Output begins at the line with "Несмотря на жилищный" and ends at the last line of the records below. Copy each line in that span exactly, and leave out pictures.

Records contained in a dataset
========================================
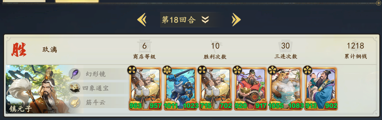 本局为人机局测试。英雄镇元子。思路来源群友的思路:体系牌:御马监小官,小鼍龙,御马监小官,福星,禄星,休假的胖胖具体思路:通过小鼍龙触发御马监小官获得金币通过不停买牌卖牌去触发休假的胖胖效果。经过实测说一下结果:(真的会有人看到这么。你们在期待什么。)18回合1218块钱。身材1000左右。建议:在胖胖数值没有变动前不要玩。作者的感慨:好多钱,好多钱。
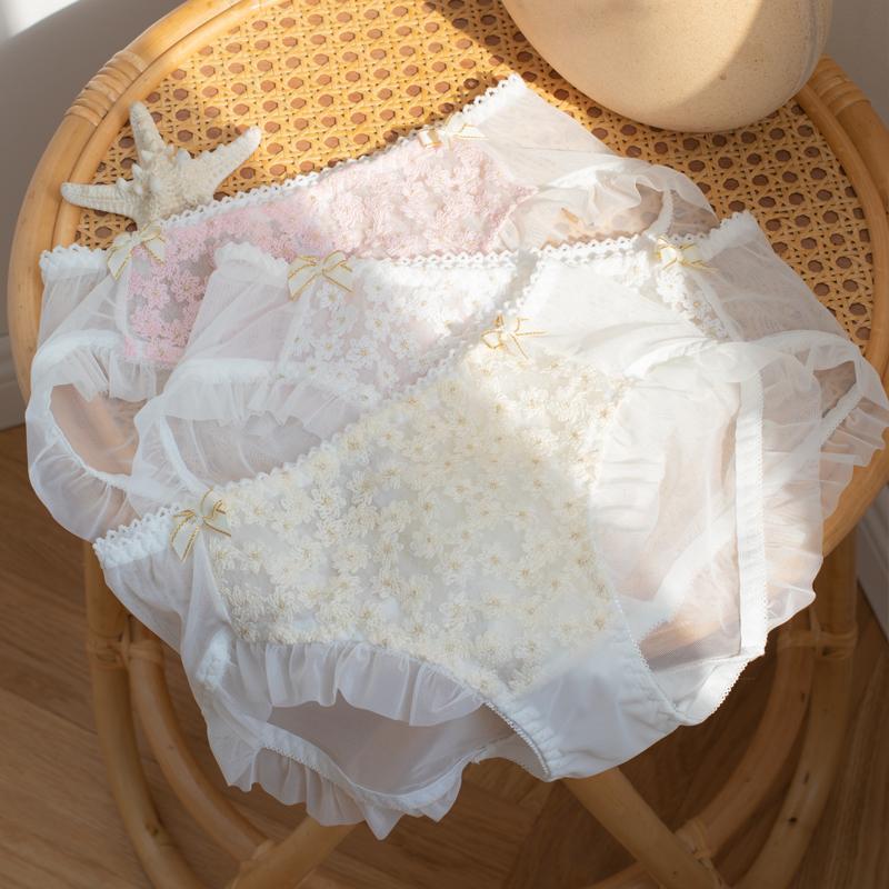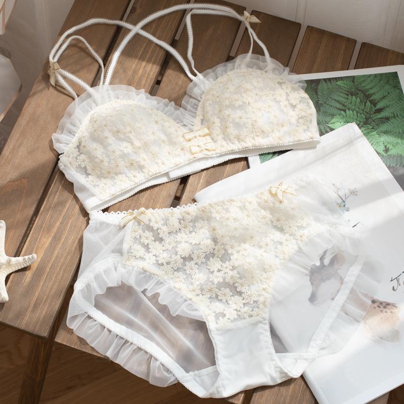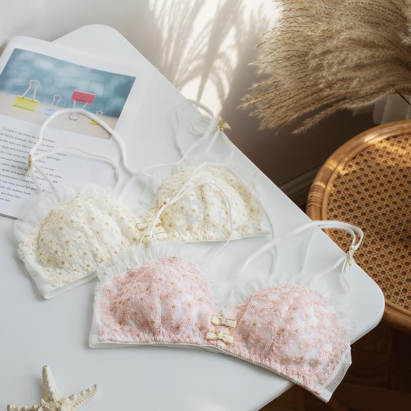 Japanese soft girl underwear cherry blossom girl fairy no steel ring bra set
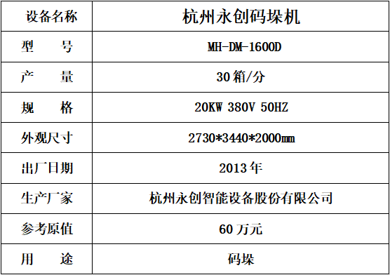 標(biāo)的六:永創(chuàng)碼垛機(jī),起拍價(jià):15萬(wàn)元(不含稅),標(biāo)的設(shè)有保留價(jià),競(jìng)買保證金3萬(wàn)元。已拆機(jī),設(shè)備完好。
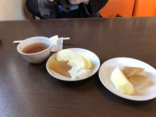 そしてもう一つ。セルフのお茶類と合わせて、お漬物とかフルーツを自分で勝手に取って来ていいシステムなのであります。
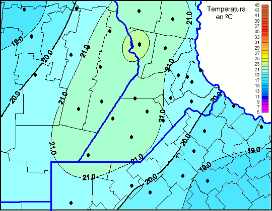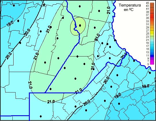 Mapa de temperaturas máximas de las las últimas 96 horas.(Desde las 8:00AM hasta las 8:00AM). Se actualiza a las 10:00hs.
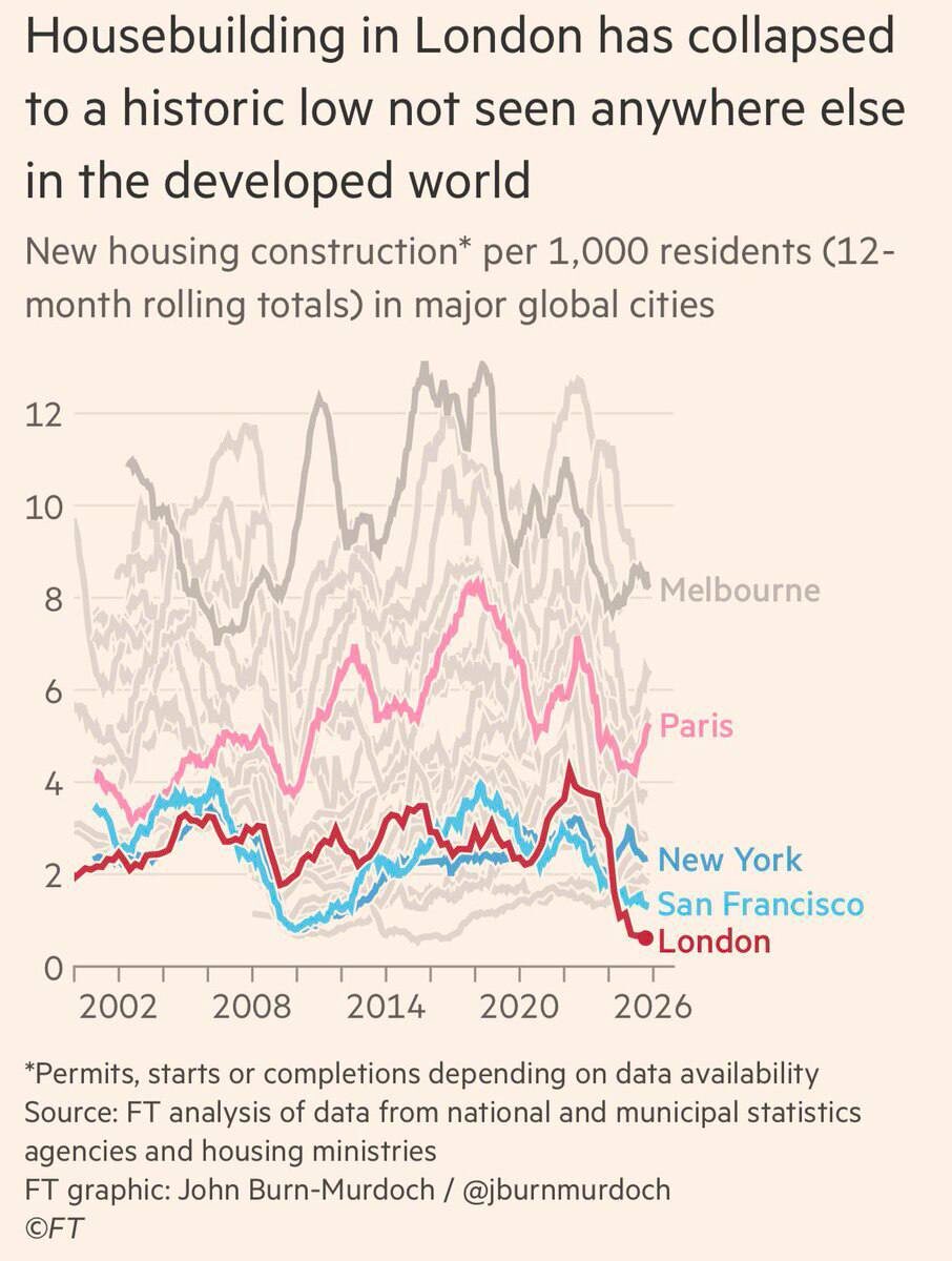 Несмотря на жилищный кризис, объём жилищного строительства в Лондоне упал до исторически низкого уровня, невиданного нигде в развитых
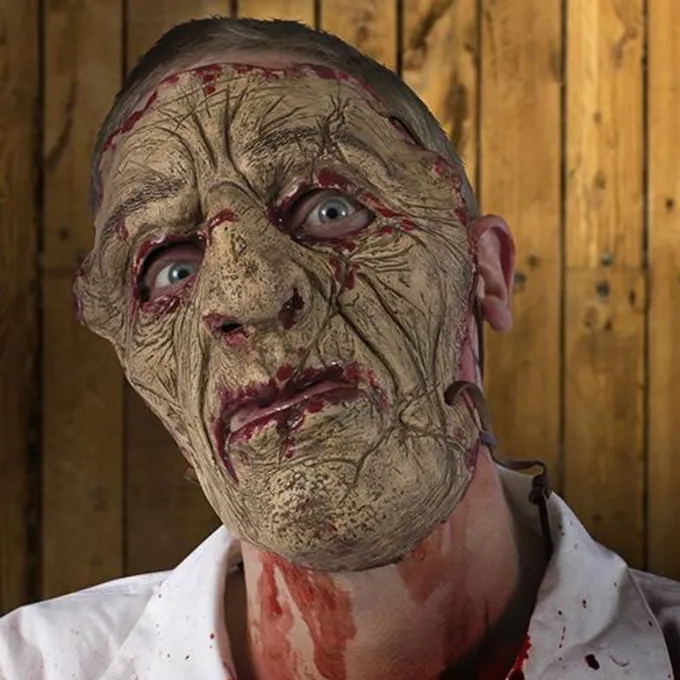 This high quality 100% latex mask is made in the shape of a cut-off human face. After defeating your human enemy, you have stolen his face and you wear it as a trophy to show off your victory and your combat skills. This mask covers the entire face and has holes for the nose, eyes and mouth so that you can just keep looking, smelling, eating, drinking and talking. The mask is hand-painted in a morbid skin color and has traces of blood so that it really looks like a cut-off face. You can fasten the mask behind your head with the leather cords. A perfect accessory for LARP, Cosplay, theater, Halloween etc.
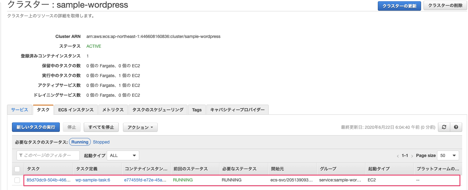 サービスが実行され、クラスターにタスクが配置されたことを確認してみます。クラスターの『タスク』を確認し、タスクが追加されていればOKです。
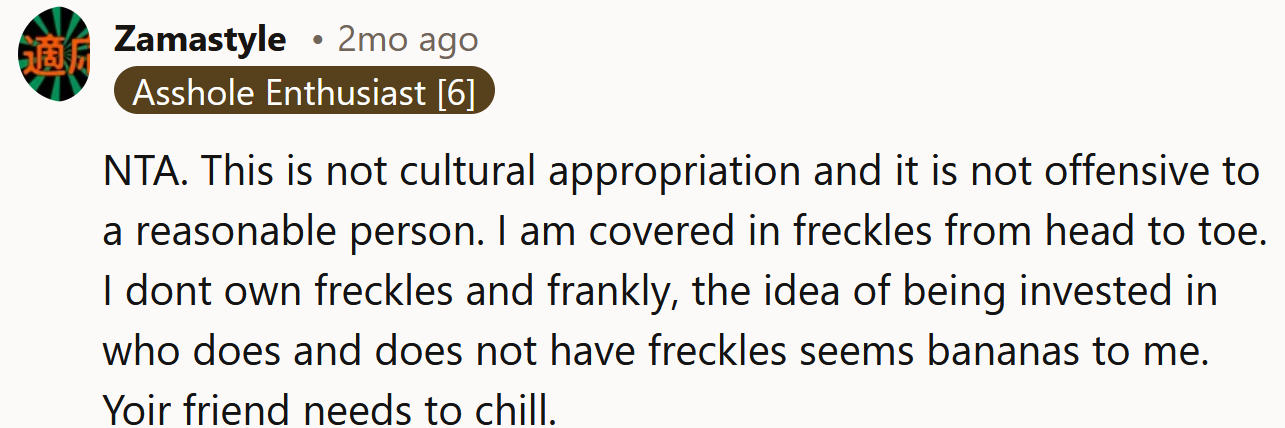 So, what are your thoughts on this situation? Do you think the OP was being offensive by wearing fake freckles, or was her friend being entirely unreasonable here?
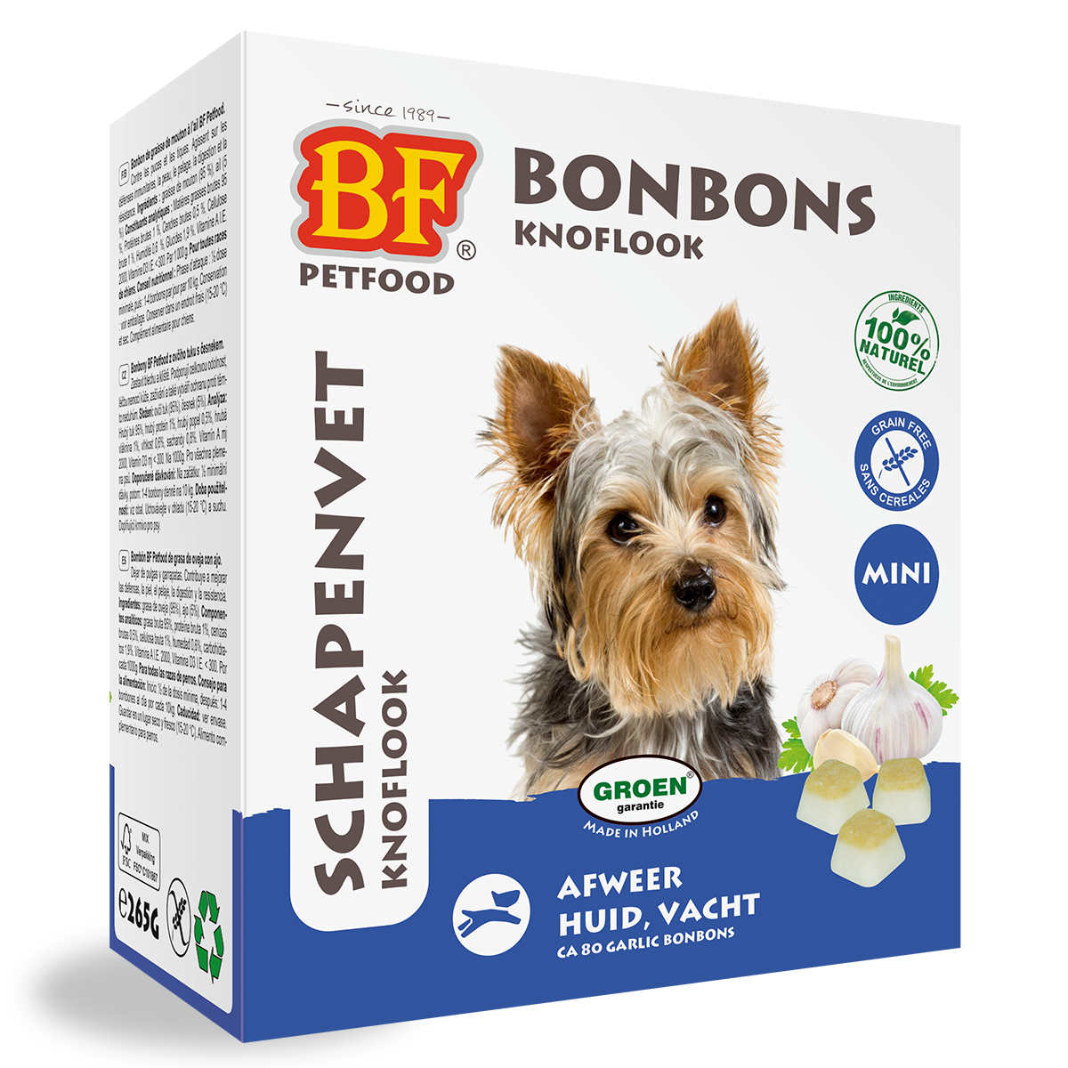 De originele BF® schapenvet bonbon knoflook mini is een natuurlijk en bijzonder probaat middel ter ondersteuning van afweer, huid, vacht, (spijs)vertering en weerstand. Natuurlijk en effectief. Met de natuurlijke werking van knoflook. Allicine uit knoflook, is een natuurlijk ingrediënt in dierverzorging. Het is tevens een uitzonderlijk gezonde en smaakvolle toevoeging op de dagelijkse voeding. Ook geschikt voor honden met een voedselallergie die een dieet krijgen op basis van lamsvlees.
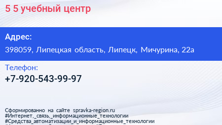 5×5, учебный центр по адресу 398059, Липецкая область, Липецк, Мичурина, 22а в дальнейшем Организация, размещена в следующих категориях:
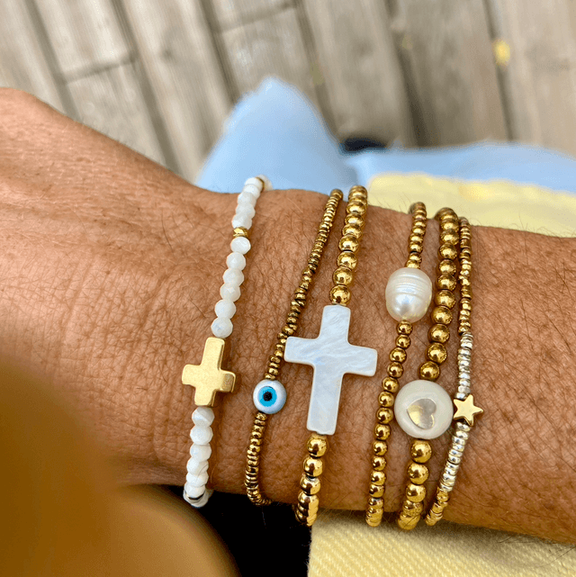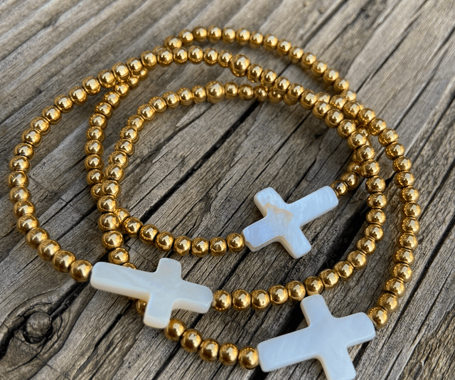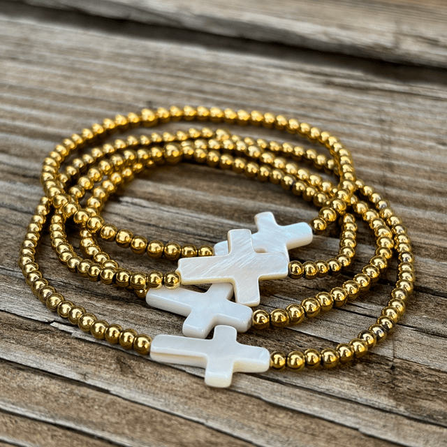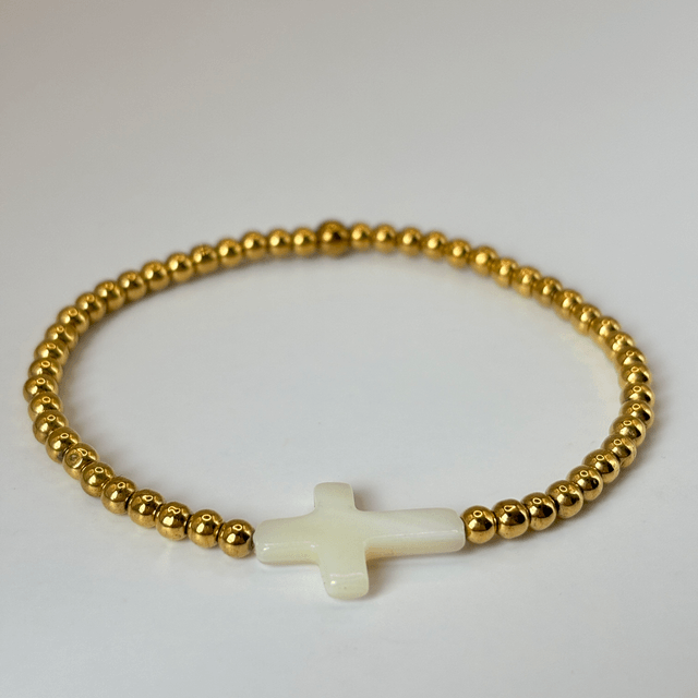 •Bracelet en perles hématite dorées, ornée d’une croix en nacre
========================================
*Answer:*
 Несмотря на жилищный кризис, объём жилищного строительства в Лондоне упал до исторически низкого уровня, невиданного нигде в развитых
 This high quality 100% latex mask is made in the shape of a cut-off human face. After defeating your human enemy, you have stolen his face and you wear it as a trophy to show off your victory and your combat skills. This mask covers the entire face and has holes for the nose, eyes and mouth so that you can just keep looking, smelling, eating, drinking and talking. The mask is hand-painted in a morbid skin color and has traces of blood so that it really looks like a cut-off face. You can fasten the mask behind your head with the leather cords. A perfect accessory for LARP, Cosplay, theater, Halloween etc.
 サービスが実行され、クラスターにタスクが配置されたことを確認してみます。クラスターの『タスク』を確認し、タスクが追加されていればOKです。
 So, what are your thoughts on this situation? Do you think the OP was being offensive by wearing fake freckles, or was her friend being entirely unreasonable here?
 De originele BF® schapenvet bonbon knoflook mini is een natuurlijk en bijzonder probaat middel ter ondersteuning van afweer, huid, vacht, (spijs)vertering en weerstand. Natuurlijk en effectief. Met de natuurlijke werking van knoflook. Allicine uit knoflook, is een natuurlijk ingrediënt in dierverzorging. Het is tevens een uitzonderlijk gezonde en smaakvolle toevoeging op de dagelijkse voeding. Ook geschikt voor honden met een voedselallergie die een dieet krijgen op basis van lamsvlees.
 5×5, учебный центр по адресу 398059, Липецкая область, Липецк, Мичурина, 22а в дальнейшем Организация, размещена в следующих категориях:
 •Bracelet en perles hématite dorées, ornée d’une croix en nacre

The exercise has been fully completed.